Exercises for extra practice

  • Read two files with numbers into two lists. Files ex1_1.dat, ex1_2.dat & ex1_3.dat are good to use for this. Now add the numbers together, like the first number in the first file with the first number in the second file, and so forth, i.e. add the column in the file row-wise. You could also consider the numbers in a file to be a vector, and then you add two vectors together. Save the output (a list of numbers, one number per line) in a new file - you decide the name.
  • Continuing previous exercise: Corrupt your input files a bit, change some numbers to not-numbers, like words or empty lines. Make your program work on these files too, assuming anything you can not read is ignored - you can "pretend" that there is a zero on the line you can not convert to a number.

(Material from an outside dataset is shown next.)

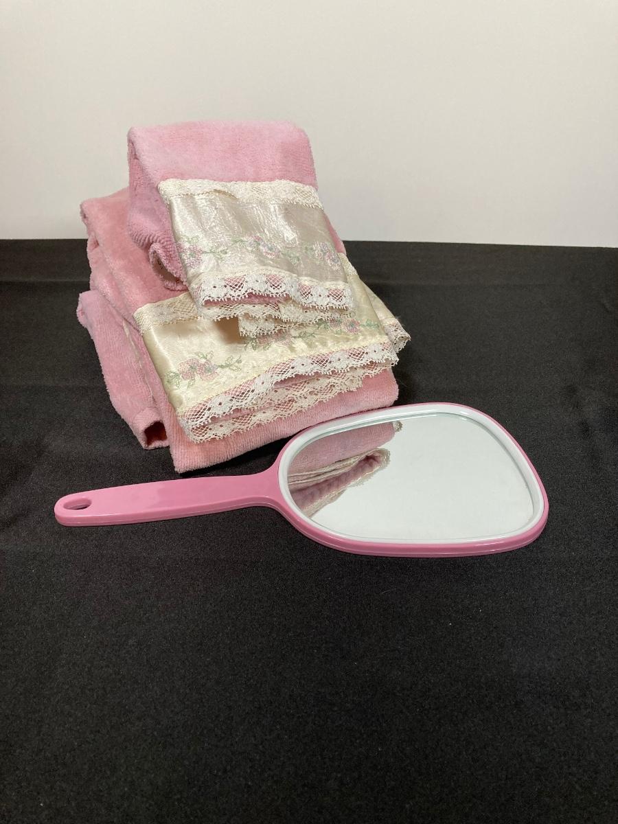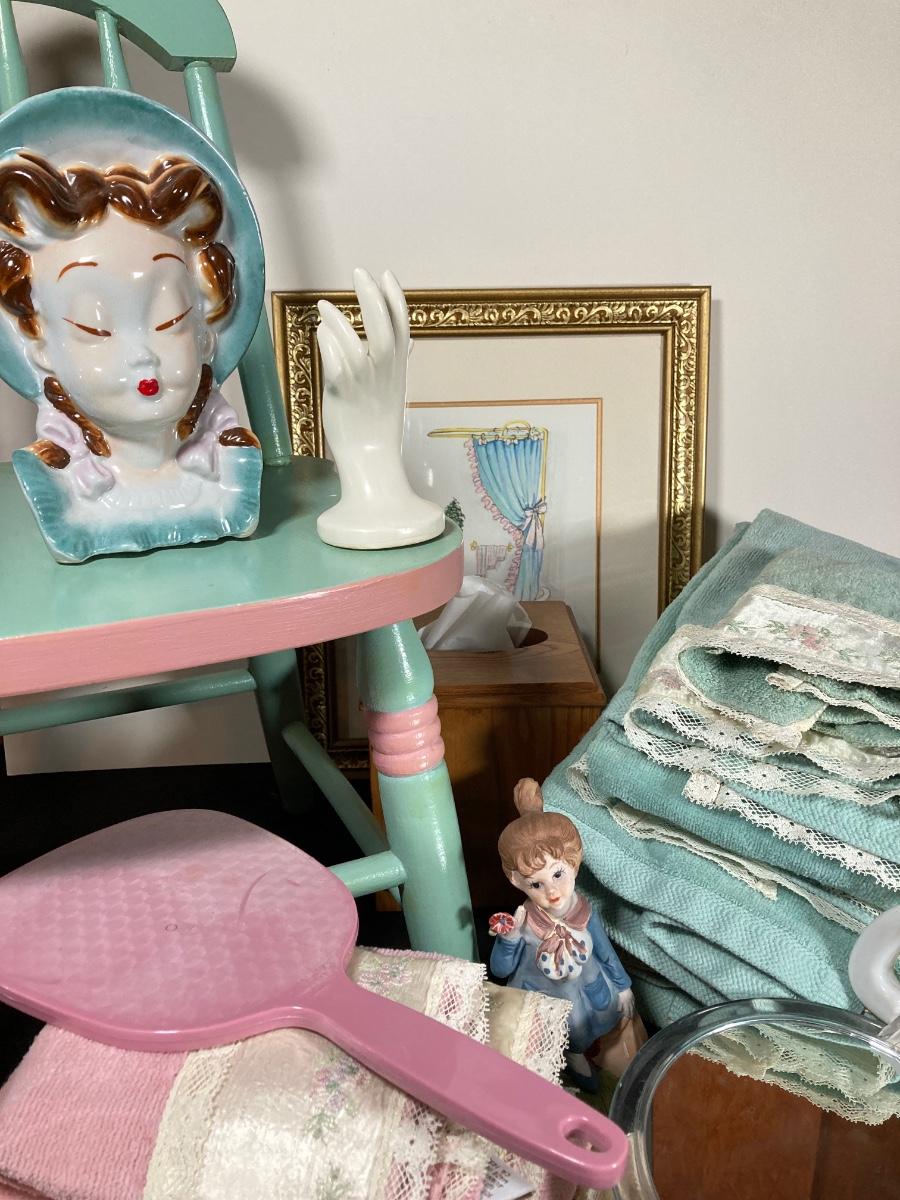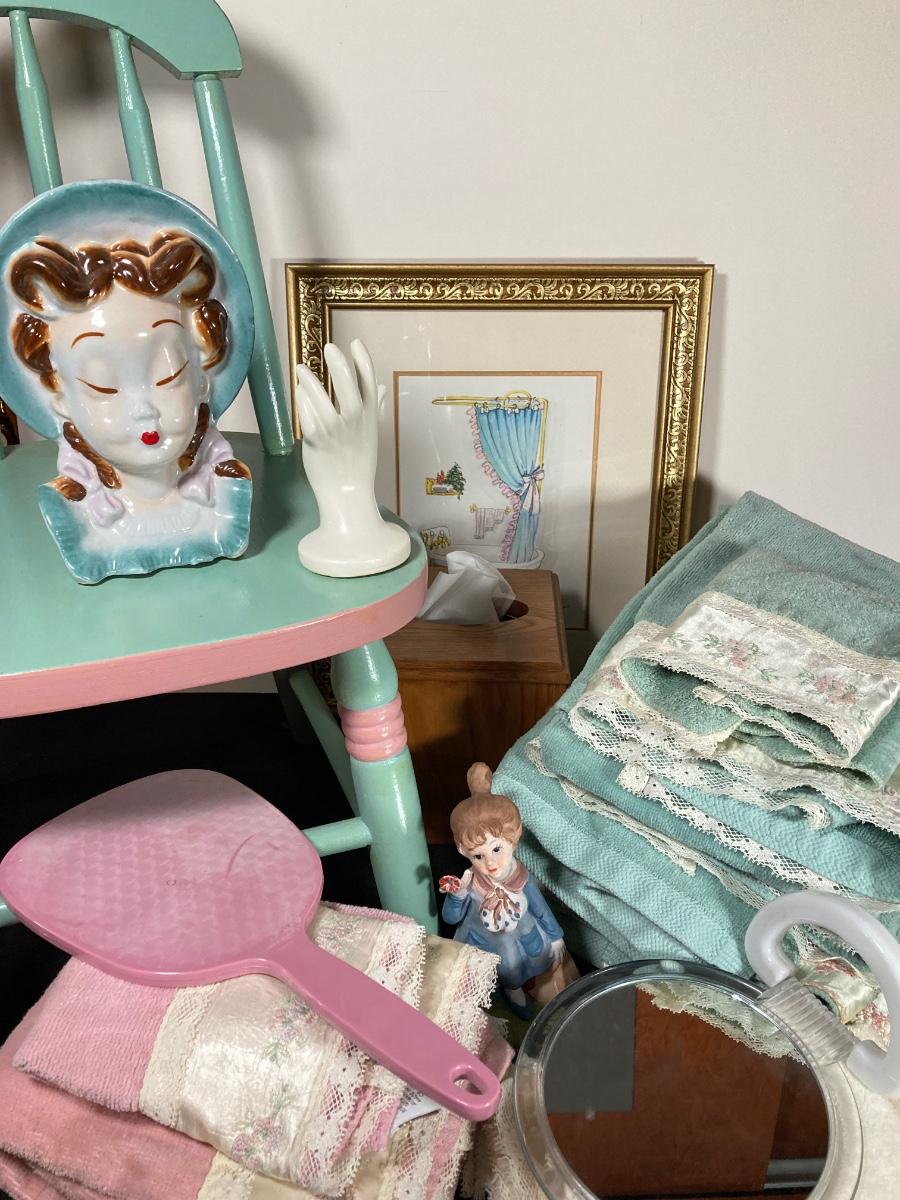 LOT 146M: Bathroom Collection - Towels, Lady Head planter, Wall Art & More

  • Continuing previous exercise: Make the program work even if the input files do not have the same length, just assume zero for the missing lines in the short file. BTW, you do not know which input is short.
  • Read a file with numbers into two lists. The first number in the file goes to the first list, the second number to the second list, the third number to the first list, and so forth - alternating numbers to alternating lists. Compute the sum of the two lists and display. Files ex1_1.dat, ex1_2.dat & ex1_3.dat are good to use for this.
  • Now compute the same sums - without the lists :-)
  • Ask for files names and read the numbers in the file into a list. Continue to ask for file names and add the numbers to the list until you enter STOP. Now compute the sum of the numbers in the list and display the result. Files ex1_1.dat, ex1_2.dat & ex1_3.dat are good to use for this.